▶ **Try it**
Return the listing below exactly, with the pictures dropped.

[[ Supplied data open ]]

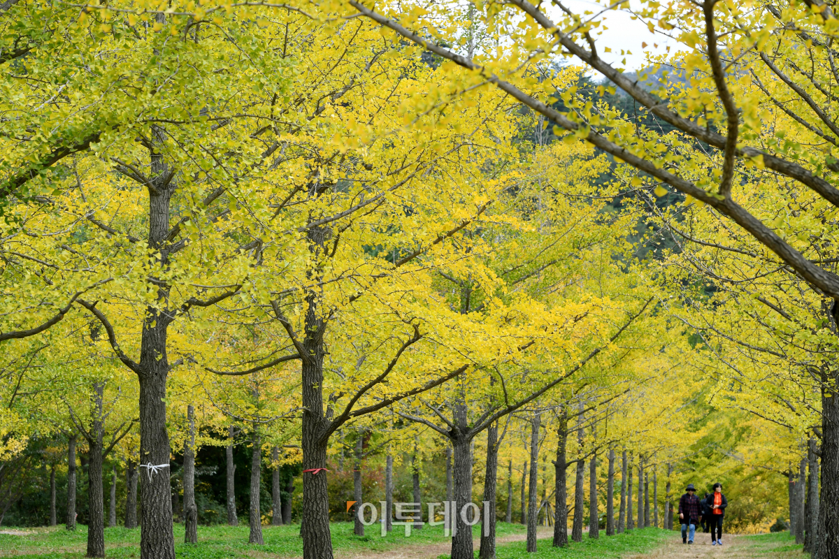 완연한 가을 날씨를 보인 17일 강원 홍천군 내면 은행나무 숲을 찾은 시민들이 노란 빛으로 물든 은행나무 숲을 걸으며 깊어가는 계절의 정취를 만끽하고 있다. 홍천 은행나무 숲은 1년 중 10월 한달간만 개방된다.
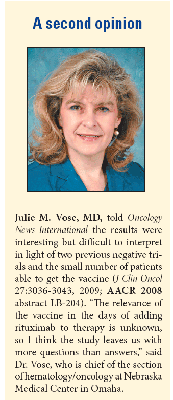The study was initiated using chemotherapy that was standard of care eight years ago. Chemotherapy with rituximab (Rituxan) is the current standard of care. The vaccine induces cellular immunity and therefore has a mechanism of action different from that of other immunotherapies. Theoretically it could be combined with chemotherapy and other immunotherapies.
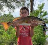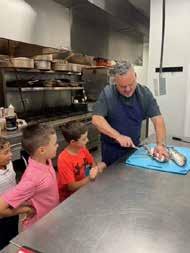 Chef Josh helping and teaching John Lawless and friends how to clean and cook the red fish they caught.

[[ Supplied data closed ]]

▶ **Result of the exercise**
 완연한 가을 날씨를 보인 17일 강원 홍천군 내면 은행나무 숲을 찾은 시민들이 노란 빛으로 물든 은행나무 숲을 걸으며 깊어가는 계절의 정취를 만끽하고 있다. 홍천 은행나무 숲은 1년 중 10월 한달간만 개방된다.
The study was initiated using chemotherapy that was standard of care eight years ago. Chemotherapy with rituximab (Rituxan) is the current standard of care. The vaccine induces cellular immunity and therefore has a mechanism of action different from that of other immunotherapies. Theoretically it could be combined with chemotherapy and other immunotherapies.
 Chef Josh helping and teaching John Lawless and friends how to clean and cook the red fish they caught.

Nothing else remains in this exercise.